Print the listing below only from the line that has "Stellet er i" through the line that has "Tính năng sản", exactly, and drop any picture.

• Data to process:
=== Section Start ===
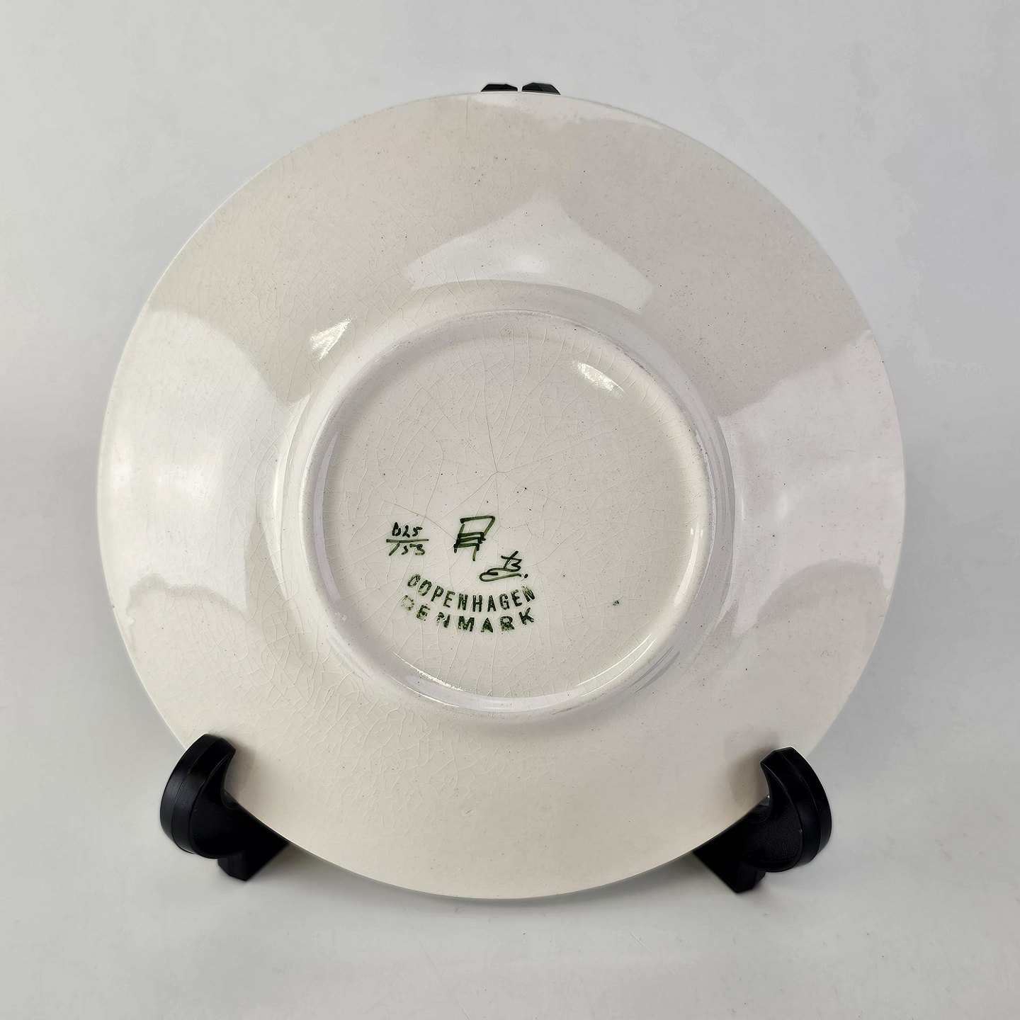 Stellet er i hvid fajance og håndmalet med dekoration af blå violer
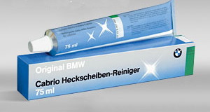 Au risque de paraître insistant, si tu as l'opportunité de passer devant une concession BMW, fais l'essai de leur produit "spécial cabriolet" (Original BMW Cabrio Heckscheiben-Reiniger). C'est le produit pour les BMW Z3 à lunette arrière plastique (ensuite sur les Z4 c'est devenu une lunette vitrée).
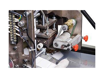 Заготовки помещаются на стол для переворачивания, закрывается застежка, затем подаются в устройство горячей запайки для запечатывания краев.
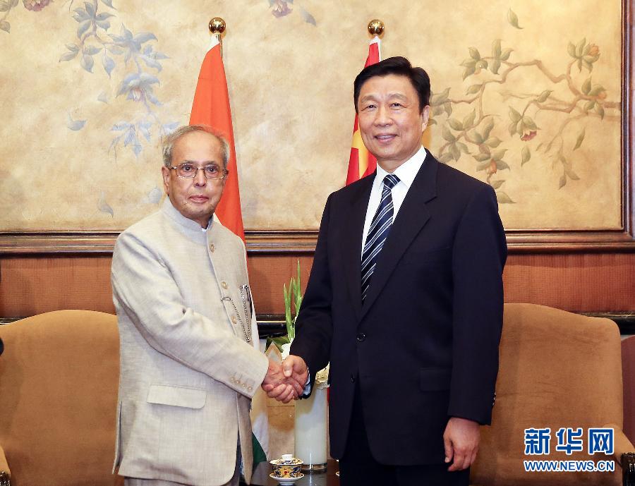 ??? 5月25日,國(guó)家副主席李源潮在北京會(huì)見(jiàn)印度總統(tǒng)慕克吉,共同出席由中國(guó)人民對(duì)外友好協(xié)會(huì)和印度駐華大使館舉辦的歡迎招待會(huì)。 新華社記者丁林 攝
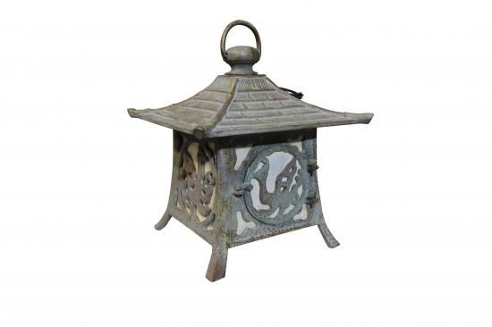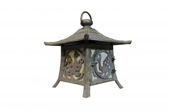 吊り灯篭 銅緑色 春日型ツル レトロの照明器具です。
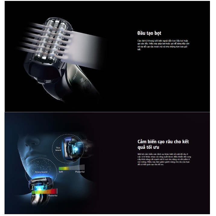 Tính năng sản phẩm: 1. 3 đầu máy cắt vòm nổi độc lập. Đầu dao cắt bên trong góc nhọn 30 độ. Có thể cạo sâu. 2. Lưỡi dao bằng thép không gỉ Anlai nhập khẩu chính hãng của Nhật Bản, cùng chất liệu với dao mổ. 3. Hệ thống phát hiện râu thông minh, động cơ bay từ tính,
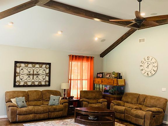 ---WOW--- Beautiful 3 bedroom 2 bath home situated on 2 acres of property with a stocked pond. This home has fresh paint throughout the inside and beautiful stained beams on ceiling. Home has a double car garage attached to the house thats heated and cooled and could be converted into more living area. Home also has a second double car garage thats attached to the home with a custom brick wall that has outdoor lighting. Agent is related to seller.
=== Section End ===
=== Section Start ===
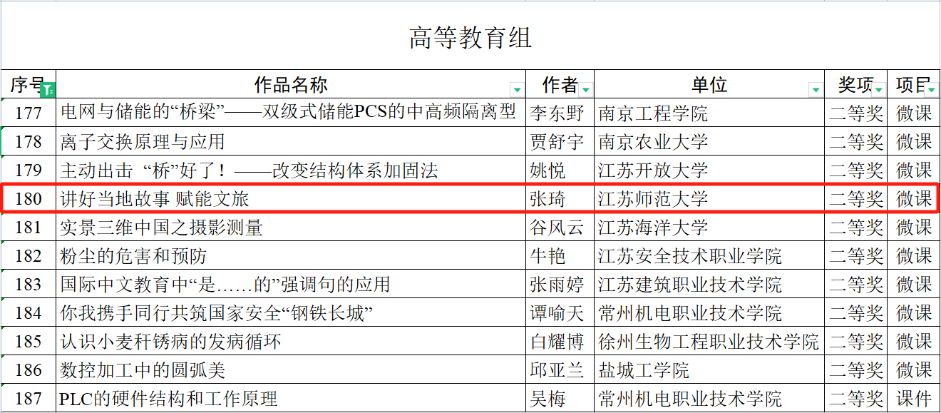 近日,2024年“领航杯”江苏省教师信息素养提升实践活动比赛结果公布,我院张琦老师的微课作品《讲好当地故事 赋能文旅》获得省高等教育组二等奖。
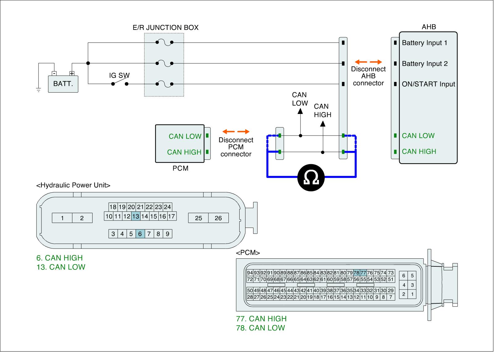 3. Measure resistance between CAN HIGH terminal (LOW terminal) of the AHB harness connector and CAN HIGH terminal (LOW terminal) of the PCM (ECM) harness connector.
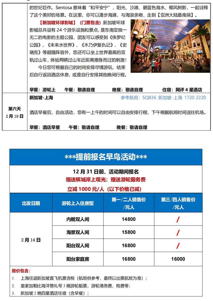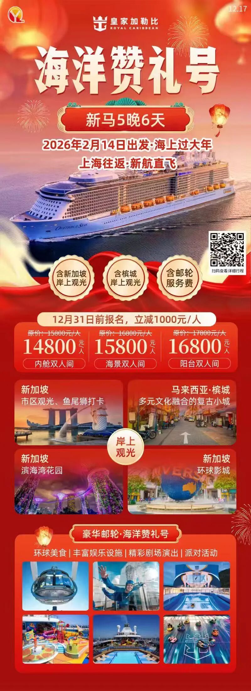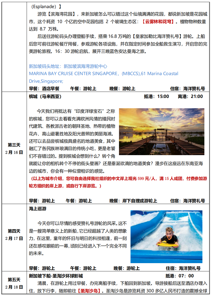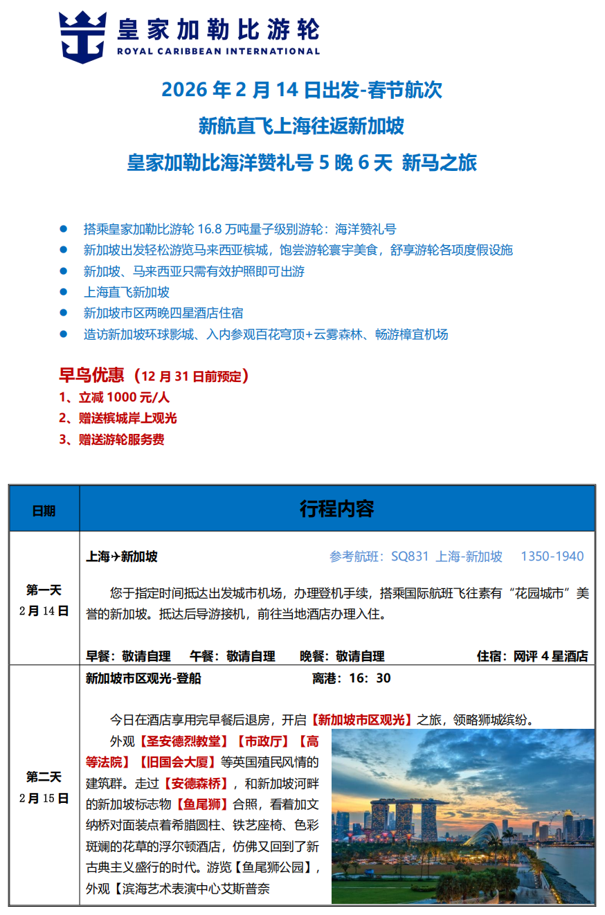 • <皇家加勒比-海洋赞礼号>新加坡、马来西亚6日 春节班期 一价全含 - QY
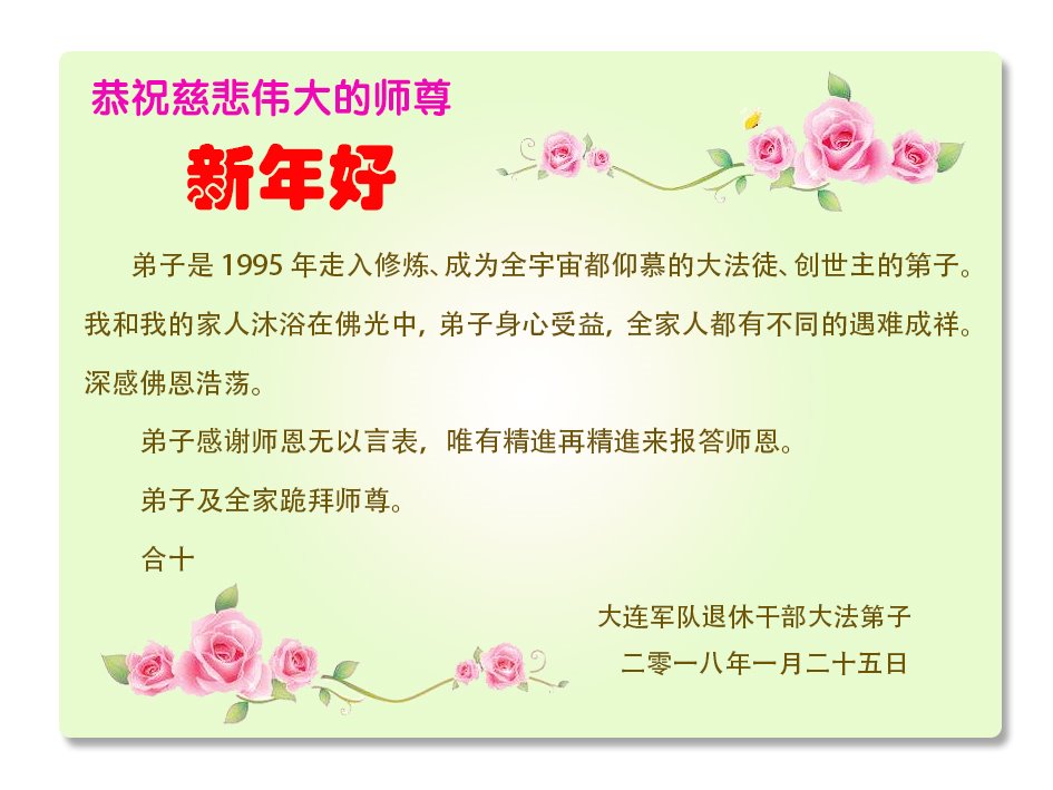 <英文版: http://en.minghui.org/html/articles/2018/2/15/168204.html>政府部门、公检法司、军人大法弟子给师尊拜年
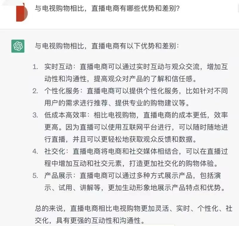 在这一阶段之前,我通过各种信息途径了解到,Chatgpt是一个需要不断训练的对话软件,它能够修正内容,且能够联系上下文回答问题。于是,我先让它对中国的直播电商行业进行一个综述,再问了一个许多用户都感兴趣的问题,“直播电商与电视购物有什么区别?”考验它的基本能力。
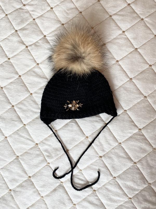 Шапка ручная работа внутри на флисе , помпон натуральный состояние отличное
=== Section End ===
• Solution for this task:
 Stellet er i hvid fajance og håndmalet med dekoration af blå violer
 Au risque de paraître insistant, si tu as l'opportunité de passer devant une concession BMW, fais l'essai de leur produit "spécial cabriolet" (Original BMW Cabrio Heckscheiben-Reiniger). C'est le produit pour les BMW Z3 à lunette arrière plastique (ensuite sur les Z4 c'est devenu une lunette vitrée).
 Заготовки помещаются на стол для переворачивания, закрывается застежка, затем подаются в устройство горячей запайки для запечатывания краев.
 ??? 5月25日,國(guó)家副主席李源潮在北京會(huì)見(jiàn)印度總統(tǒng)慕克吉,共同出席由中國(guó)人民對(duì)外友好協(xié)會(huì)和印度駐華大使館舉辦的歡迎招待會(huì)。 新華社記者丁林 攝
 吊り灯篭 銅緑色 春日型ツル レトロの照明器具です。
 Tính năng sản phẩm: 1. 3 đầu máy cắt vòm nổi độc lập. Đầu dao cắt bên trong góc nhọn 30 độ. Có thể cạo sâu. 2. Lưỡi dao bằng thép không gỉ Anlai nhập khẩu chính hãng của Nhật Bản, cùng chất liệu với dao mổ. 3. Hệ thống phát hiện râu thông minh, động cơ bay từ tính,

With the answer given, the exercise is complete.